July 14, 2024


Yo Quiero Techno

124th Annual Exhibition of the Pastel Society

11 min read
124th Annual Exhibition of the Pastel Society

I visited the 124th Annual Exhibition of The Pastel Society on Wednesday. The theme of this year’s Pastel Society Exhibition is ‘Pastel Without Boundaries’.

This post covers:

  • general observations about the exhibition – compared to the previous 17 previous annual exhibitions – all of which I have seen and commented on (except for last year when I was immobile post surgery)
  • artwork I liked
  • things which IMO need to change and/or improve

Some exhibition metrics will follow after the end of the exhibition.

This post is later than I intended as I ran into major problems yesterday with Blogger absolutely refusing to upload images. So I waited 24 hours and it’s now back to normal. However this left me more time to mull over over my thoughts on the show. 

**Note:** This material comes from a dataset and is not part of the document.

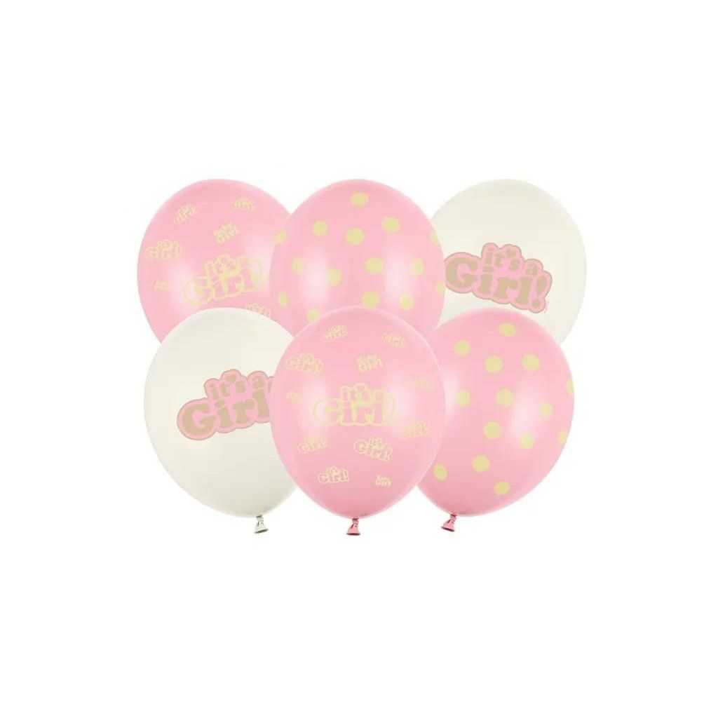 PartyDeco balónky krémové a růžové It's a Girl (6 ks) ▹

Pastel Society Annual Exhibition 2023: Catalogue Cover

You can see my photos of the exhibition on my Facebook Page

Observations about the Exhibition

All that follows needs to be viewed from the perspective that I am a very big fan of dry media and pastels – so some of the comments made below are hard to make – but I think need making. This is far from the best annual exhibition by the Pastel Society that I’ve seen.  I’d very much like to see a much better exhibition next year.

Which is not to say it doesn’t have some very good artists and some very good artwork in the show – but rather that they seemed somewhat submerged.

It does however feel to me that the underlying project management of the total show has not been good.

The Theme: Pastels without boundaries

If you have a theme for a Show then I expect that to be reflected in the content and in the hang. I went back and looked at what it said in the Call for Entries as I couldn’t see any obvious reference to “Pastels without boundaries”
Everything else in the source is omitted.